There are two methods for showing you what matters to you on a computer screen – an alert to come up in the middle of your screen that you have to click away, or a signal made in some area of the screen (usually dedicated to this kind of content). The iPad and Kindle Fire HD have similarities here, but both show signs of needing considerable improvements – at least for my type of use. This is Part 2 of my look between them (Part 1 was posted some weeks ago), where I look a bit closer at how I get around the devices, and how I get to the point of getting to do stuff.
The KF-HD has a small screen with nearly the same size bezel as the iPad. One of the things that I expected, since it is a newer device, was for it to have the gestures within the UI to match the main screen scrolling that I was seeing. Unfortunately, this is a case where getting around the KF-HD is just a lot more difficult than it needs to be. It doesn’t matter if you are holding it landscape or portrait, the KF-HD has this annoying thing where you need to tap a very small tab at the bottom or right of the screen to bring up a menu (Home, Back, Menu, Search, and Favorites are the buttons usually, sometimes one more, depending on app). Part of this is because there is no kind of home button, as there is with the iPad. But, Amazon should have really taken the same approach that RIM BlackBerry with the Playbook and just enable navigational gestures throughout the entire system.
This idea of missed opportunities to smooth UI interactions is also present when you go from the application launcher to the rest of the system. As I talked about earlier, the home screen for the KF-HD shows you a menu at the top for the basic items (very much designed liked the Amazon website). And then below that you are given a most-recently-used listing of applications, books, music, and videos that you’ve watched. Everything is on one list (good), sometimes thing show up on that list that you’ve not opened (not good). And by default, all of your books end up showing up on the listing at the end of it (weirdly bad). Shame that there is no way to gesture into and out of this listing, because you are then left with putting your most used apps on the Favorites listing – in a sense, replacing the MRU feature that you get on the iPad when you double-tap the home key/gesture up from the bottom of the screen.
Thankfully, Amazon uses quite well the notification area (as do most Android participants). Getting notifications for just about anything from any application is great in the drawer, and much cleaner than Apple’s try for similar. What I like even better is how apps that run in the background (music and Skype for example), will show in an segregated area in the notification area to be somewhat independently controlled. I’m doing a lot more with music on the KF-HD since many of my purchases have come from Amazon, and this has been pretty neat (I never used iTunes for anything other than those unwilling times to sync before over-the-air updates came along for iOS).
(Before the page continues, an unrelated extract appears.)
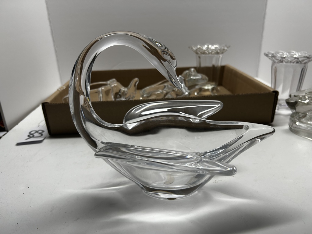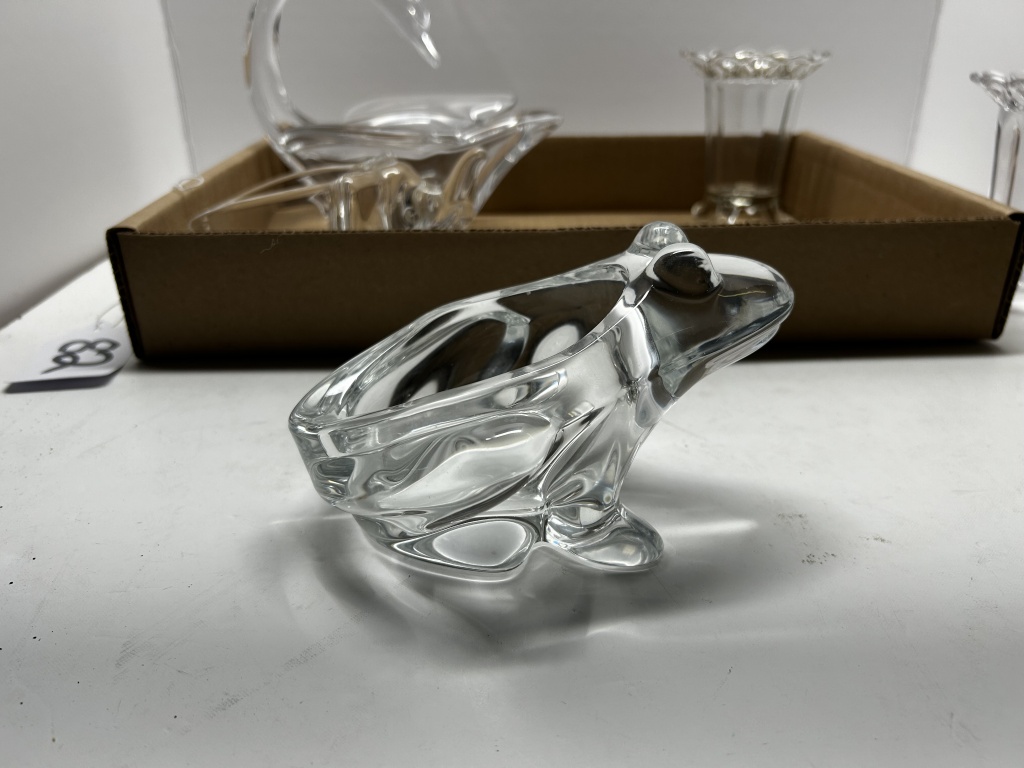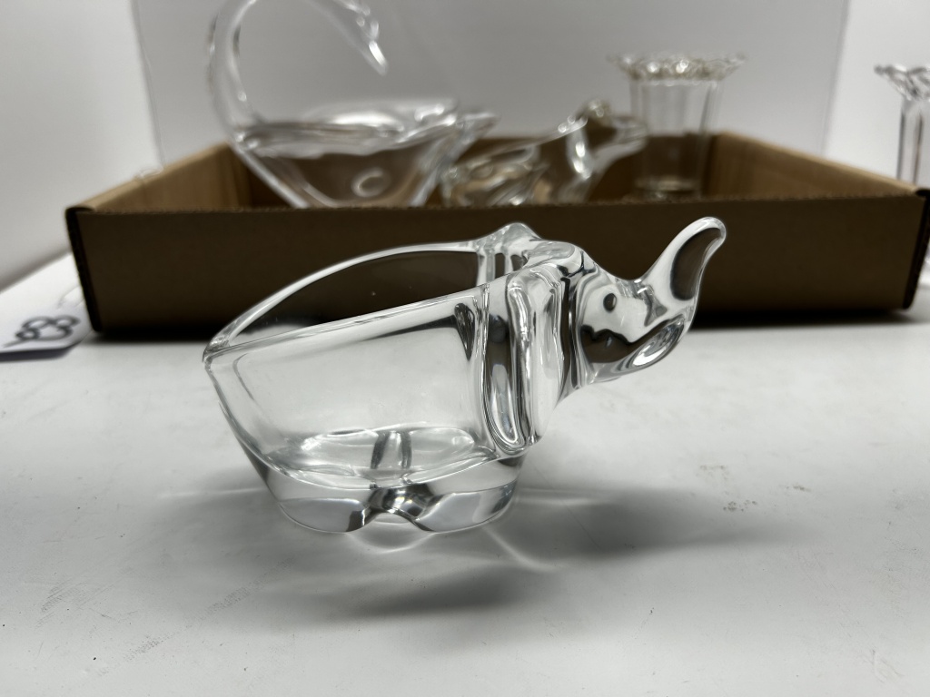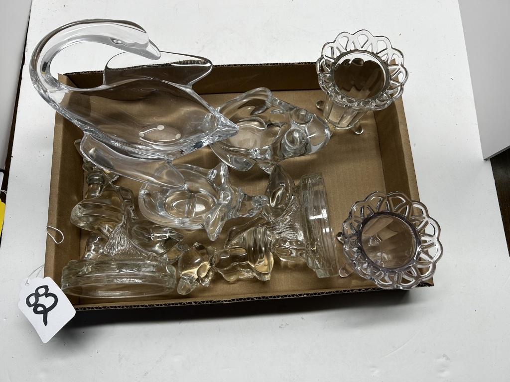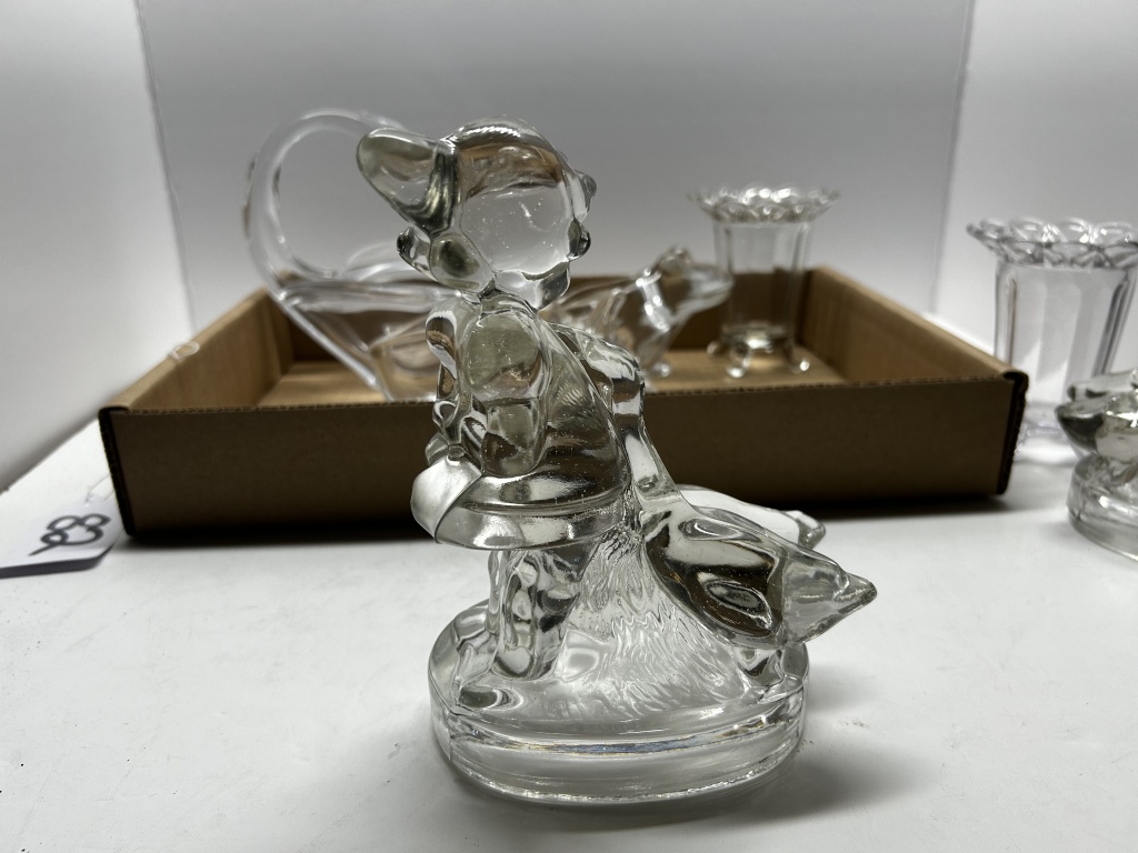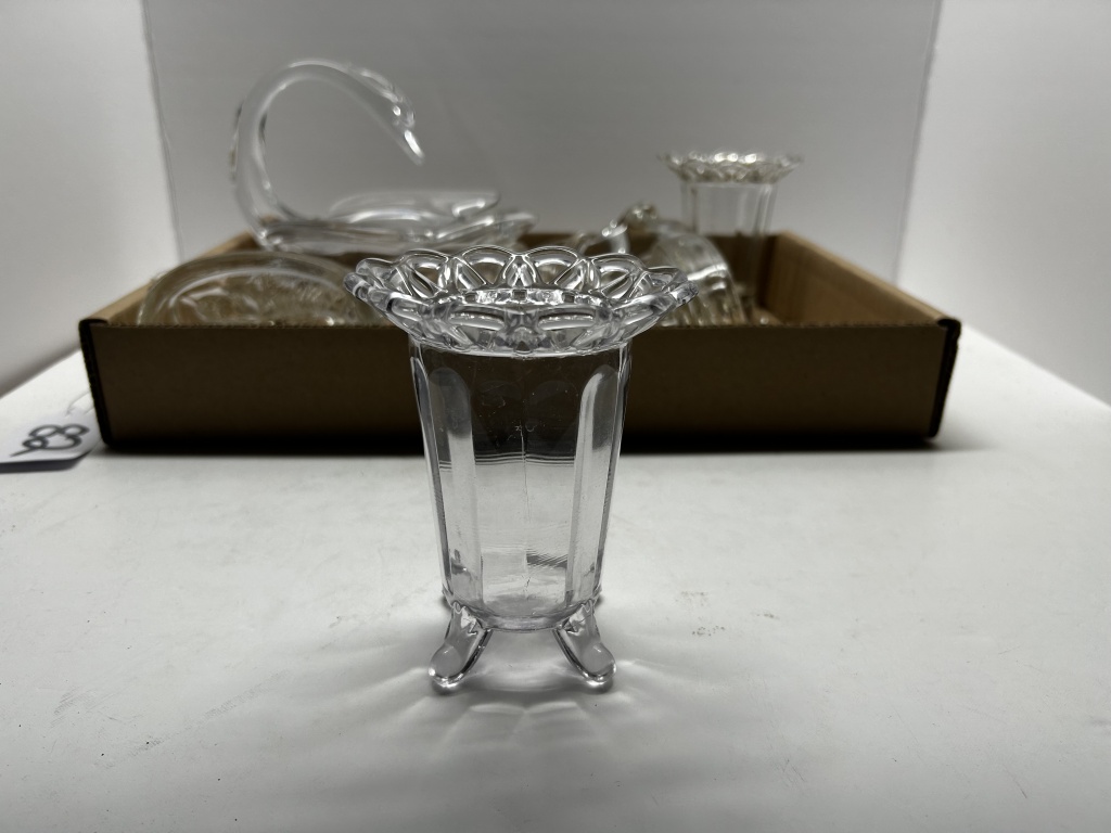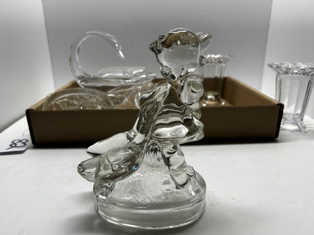 BOX OF MISCELLANEOUS ANTIQUE GLASSWARE, OE GLASS VASE, ONE MAN WITH DUCK SHAPED DISH, ONE ELEPHANT SHAPED DISH, ONE FROG SHAPED DISH, ONE SWAN SHAPED DISH

At this point, I’m getting along with just using the KF-HD as I did the iPad. Its just not the same though. I can read and share items just fine. Its another thing to get into the creation aspects. Part of that comes in the apps – I’m still trying to figure out a decent HTML editor that works with Dropbox, and Skitch is the only drawing app I’ve put on here. And part of that is the hardware – the screen is great to read, but nearly horrible to sketch on with or w/o a stylus (yea, I’ve now got one), and for all the fun of having micro-USB and micro-HDMI connections, the former when connected into my phone doesn’t show the Kindle as a mass storage device, making me have to use Bluetooth, Dropbox, or my N8 in web server mode needed to pass files between them. I think this will get better, but its in part the Kindle. Its really almost like trying to push it beyond its Amazon catalogue leanings is something Amazon has worked against, despite the KF-HD being just about pretty here.
I have put the KF-HD next to an iPad Mini and have to say at this point, I made the smarter call. Even with my qualms about gestures and apps. I got a better value, and overall for my usages, a better deal. I’m tempted to look at the 7in Samsung Galaxy Tab 2, because I would be getting a similar Android experience, with the addition of micro-SD and SIM card support. And I think that will stay on the listing, because Samsung seems to do things on the tablet side that really speaks more to the Microsoft Courier kind of thinking I have with this type of device.
I think I’ve got one more in me to talk about the differences between the Kindle FIre HD and the iPad. I’m not sure about the KF-HD just yet. Its ok, but not perfect. I wonder if there’s something in the way of an upcoming update that looks at things like hanging apps, gestures, screen responsiveness, etc. and pushing things forward a bit. Not so much to be a better tablet, but to make better on the idea that Amazon has more to gain by me being on the device and enjoying the experiences of putting both my tasks and my time through their facilities.